Crucial roles for social sciences in AI, says Sergei Guriev
Social scientists are key to developing artificial intelligence tools and to understanding the implications of their introduction. “This shapes how AI evolves,” says leading physicist and economist Professor Sergei Guriev, provost of French research university Sciences Po. “The most important questions are about philosophy and ethics.”
He told University World News in an interview: “The political and social implications of AI are directly related to the ethics of AI. A lot of social scientists educate computer science colleagues to think about what they invent and how they invent it.
“Economists and sociologists who work on inequality, for example, can teach AI colleagues how to develop AI algorithms that do not reproduce discrimination and bias. This is a huge issue.”
He gave the example of using an algorithm to sort through the CVs of applicants for a job. That is doable by looking at which candidates with which CVs were successful in the past, and then training an algorithm using that data set to sort through CVs in future. The problem is that the algorithm will reproduce the flawed human choices of the past.
“The idea that a machine can replace a biased, discriminating human, and fix the discrimination problem, is a utopia – unless we involve social sciences, understand the biases and correct them at the level of the algorithm,” he said.

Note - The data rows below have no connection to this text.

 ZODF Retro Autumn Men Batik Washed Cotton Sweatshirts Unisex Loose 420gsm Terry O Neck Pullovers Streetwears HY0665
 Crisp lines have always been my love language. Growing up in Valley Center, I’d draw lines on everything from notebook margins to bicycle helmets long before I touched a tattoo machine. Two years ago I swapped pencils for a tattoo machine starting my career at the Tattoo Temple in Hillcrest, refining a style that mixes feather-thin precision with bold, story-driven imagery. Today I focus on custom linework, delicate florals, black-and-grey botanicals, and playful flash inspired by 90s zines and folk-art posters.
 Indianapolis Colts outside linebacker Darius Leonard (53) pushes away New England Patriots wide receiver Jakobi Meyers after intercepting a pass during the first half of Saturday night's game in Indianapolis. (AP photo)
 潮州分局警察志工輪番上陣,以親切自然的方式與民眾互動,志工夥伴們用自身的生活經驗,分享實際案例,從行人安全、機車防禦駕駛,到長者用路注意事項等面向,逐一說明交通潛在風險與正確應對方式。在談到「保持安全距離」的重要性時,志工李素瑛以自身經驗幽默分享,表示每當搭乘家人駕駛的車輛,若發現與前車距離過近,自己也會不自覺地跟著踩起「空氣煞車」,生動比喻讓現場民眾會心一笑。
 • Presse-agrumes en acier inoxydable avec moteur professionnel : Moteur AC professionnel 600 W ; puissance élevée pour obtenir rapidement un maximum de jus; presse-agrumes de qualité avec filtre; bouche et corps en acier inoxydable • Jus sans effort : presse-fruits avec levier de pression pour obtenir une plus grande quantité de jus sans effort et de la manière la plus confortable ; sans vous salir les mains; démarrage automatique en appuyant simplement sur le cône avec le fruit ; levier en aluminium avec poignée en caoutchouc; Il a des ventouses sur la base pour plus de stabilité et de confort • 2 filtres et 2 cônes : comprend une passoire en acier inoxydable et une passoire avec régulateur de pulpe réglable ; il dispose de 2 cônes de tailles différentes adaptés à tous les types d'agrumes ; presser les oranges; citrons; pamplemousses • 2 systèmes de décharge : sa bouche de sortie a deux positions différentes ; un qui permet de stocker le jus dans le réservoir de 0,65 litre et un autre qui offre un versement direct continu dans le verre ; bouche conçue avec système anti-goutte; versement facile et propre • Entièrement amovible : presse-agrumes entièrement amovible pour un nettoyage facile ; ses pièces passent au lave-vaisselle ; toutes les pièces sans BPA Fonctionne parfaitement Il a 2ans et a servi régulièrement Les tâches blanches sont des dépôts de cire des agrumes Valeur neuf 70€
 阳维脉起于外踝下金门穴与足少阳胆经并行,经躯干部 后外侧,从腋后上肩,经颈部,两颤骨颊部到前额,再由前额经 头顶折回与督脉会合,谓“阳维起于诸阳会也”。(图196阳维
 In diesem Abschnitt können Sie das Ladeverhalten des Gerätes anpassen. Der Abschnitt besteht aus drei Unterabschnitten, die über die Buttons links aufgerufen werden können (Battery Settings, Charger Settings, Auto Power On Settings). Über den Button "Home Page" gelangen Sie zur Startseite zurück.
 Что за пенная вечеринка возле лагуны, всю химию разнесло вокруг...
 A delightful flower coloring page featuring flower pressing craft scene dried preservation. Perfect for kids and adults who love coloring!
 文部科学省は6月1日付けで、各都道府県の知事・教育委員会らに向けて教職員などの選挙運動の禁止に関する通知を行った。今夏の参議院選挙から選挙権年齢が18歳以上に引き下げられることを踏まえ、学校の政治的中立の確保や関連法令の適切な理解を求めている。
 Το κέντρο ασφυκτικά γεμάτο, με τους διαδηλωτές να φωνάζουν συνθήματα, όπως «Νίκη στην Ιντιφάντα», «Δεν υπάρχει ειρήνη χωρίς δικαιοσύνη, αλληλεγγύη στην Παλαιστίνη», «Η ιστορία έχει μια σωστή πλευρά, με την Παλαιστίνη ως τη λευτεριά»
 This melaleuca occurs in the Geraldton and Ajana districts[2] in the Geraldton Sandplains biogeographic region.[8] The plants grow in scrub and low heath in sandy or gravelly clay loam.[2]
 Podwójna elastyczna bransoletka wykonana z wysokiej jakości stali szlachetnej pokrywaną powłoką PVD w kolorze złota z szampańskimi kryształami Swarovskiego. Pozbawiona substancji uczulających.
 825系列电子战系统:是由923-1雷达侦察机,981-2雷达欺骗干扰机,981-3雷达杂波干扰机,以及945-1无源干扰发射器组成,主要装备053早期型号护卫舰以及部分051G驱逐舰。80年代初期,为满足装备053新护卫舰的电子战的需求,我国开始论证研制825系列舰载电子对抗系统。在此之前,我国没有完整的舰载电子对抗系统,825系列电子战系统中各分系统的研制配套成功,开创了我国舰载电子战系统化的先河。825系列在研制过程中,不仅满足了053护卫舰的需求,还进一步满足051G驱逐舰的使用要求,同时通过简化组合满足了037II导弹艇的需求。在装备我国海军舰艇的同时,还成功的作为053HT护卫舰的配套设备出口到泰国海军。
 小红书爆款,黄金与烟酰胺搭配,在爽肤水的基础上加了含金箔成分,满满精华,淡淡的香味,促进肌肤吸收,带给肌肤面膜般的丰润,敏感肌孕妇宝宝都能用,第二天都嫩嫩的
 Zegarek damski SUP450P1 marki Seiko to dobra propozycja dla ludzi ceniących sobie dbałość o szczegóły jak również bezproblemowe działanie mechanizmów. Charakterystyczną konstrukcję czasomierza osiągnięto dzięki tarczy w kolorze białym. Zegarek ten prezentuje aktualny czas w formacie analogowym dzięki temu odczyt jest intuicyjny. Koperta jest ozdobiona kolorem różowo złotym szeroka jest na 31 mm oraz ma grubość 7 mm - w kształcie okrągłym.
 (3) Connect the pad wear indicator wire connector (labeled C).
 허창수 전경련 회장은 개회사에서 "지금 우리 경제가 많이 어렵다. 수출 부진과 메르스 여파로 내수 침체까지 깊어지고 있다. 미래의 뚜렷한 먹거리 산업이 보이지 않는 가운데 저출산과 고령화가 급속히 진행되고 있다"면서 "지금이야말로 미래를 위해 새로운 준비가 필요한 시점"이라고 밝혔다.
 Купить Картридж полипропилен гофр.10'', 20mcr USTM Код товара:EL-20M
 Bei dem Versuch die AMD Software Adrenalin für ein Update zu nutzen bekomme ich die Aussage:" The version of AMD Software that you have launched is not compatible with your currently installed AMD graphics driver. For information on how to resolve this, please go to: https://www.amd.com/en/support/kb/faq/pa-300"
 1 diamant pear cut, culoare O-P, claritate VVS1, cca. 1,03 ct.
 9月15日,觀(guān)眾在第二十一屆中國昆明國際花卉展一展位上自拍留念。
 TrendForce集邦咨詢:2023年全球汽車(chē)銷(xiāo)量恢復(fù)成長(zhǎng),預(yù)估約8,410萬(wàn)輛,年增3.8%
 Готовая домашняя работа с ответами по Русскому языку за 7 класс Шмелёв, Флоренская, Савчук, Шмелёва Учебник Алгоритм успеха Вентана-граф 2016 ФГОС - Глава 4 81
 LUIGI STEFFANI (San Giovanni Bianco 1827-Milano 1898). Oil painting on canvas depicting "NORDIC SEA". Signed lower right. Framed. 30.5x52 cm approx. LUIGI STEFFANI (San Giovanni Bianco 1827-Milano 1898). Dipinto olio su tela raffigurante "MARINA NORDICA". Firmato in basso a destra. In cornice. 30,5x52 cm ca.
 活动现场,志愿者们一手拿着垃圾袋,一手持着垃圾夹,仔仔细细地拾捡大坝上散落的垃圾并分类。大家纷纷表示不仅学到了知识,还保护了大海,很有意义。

“Universities must not only teach how to develop algorithms in terms of maths or computer science, but also to think about the social implications of AI at the development stage, so that we do not reproduce bad things from the past and we do not face a backlash against technology.”
A ChatGPT hullabaloo
Controversy engulfed Sciences Po – otherwise known as the Paris Institute of Political Studies – following a 27 January email that Guriev wrote to students, saying they were not allowed to use ChatGPT without explicit reference to it.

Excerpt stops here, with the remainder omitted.